Chapter 2 C and C++ Source-Level Optimizations 33
Software Optimization Guide for AMD64 Processors
25112 Rev. 3.06 September 2005
Transform the loop in Listing 9 (by using the switch statement) into:
#define combine(c1, c2) (((c1) << 1) + (c2))
switch (combine(CONSTANT0 != 0, CONSTANT1 != 0)) {
case combine(0, 0):
for(i...) {
DoWork0(i);
DoWork2(i);
}
break;
case combine(1, 0):
for(i...) {
DoWork1(i);
DoWork2(i);
}
break;
case combine(0, 1):
for(i...) {
DoWork0(i);
DoWork3(i);
}
break;
case combine( 1, 1 ):
for(i...) {
DoWork1(i);
DoWork3(i);
}
break;
default:
break;
}
Some introductory code is necessary to generate all the combinations for the switch constant and the
total amount of code has doubled. However, the inner loops are now free of
if statements.
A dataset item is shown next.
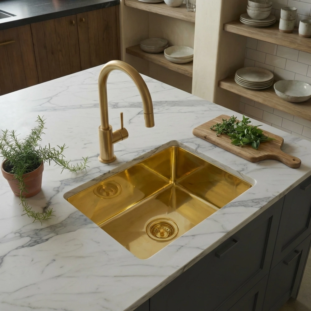 A pure square form in solid brass, defined by clean lines and a mirror-polished surface. Le Carré brings architectural clarity and quiet luxury to contemporary kitchens and bathrooms.

In ideal
cases where the
DoWorkn functions are inlined, the successive functions have greater overlap, leading
to greater parallelism than possible in the presence of intervening
if statements.
The same idea can be applied to constant switch statements or to combinations of switch statements
and
if statements inside of for loops. The method used to combine the input constants becomes
more complicated but benefits performance.
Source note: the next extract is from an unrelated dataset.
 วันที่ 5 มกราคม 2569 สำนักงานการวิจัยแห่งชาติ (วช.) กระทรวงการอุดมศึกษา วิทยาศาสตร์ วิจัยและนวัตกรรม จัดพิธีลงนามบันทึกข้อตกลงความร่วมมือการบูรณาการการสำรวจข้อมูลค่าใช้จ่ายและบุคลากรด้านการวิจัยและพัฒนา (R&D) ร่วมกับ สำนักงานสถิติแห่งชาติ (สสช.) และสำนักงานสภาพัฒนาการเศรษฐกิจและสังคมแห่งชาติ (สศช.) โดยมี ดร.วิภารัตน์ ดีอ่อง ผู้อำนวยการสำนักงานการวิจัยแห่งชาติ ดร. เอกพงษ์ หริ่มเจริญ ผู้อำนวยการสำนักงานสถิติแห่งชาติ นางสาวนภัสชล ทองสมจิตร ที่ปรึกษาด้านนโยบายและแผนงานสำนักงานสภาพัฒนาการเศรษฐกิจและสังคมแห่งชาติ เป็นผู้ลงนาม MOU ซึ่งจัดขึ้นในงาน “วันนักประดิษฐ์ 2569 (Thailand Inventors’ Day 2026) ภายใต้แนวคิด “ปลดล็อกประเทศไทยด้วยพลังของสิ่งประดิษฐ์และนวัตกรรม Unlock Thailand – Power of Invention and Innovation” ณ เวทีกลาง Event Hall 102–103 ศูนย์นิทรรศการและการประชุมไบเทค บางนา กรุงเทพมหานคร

However, the number of inner loops can also substantially increase. If the number of inner loops is
prohibitively high, then only the most common cases must be dealt with directly, and the remaining
cases can fall back to the old code in the default clause of the
switch statement. This situation is
typical of run-time generated code. While the performance of run-time generated code can be
improved by means similar to those presented here, it is much harder to maintain and developers must
do their own code-generation optimizations without the help of an available compiler.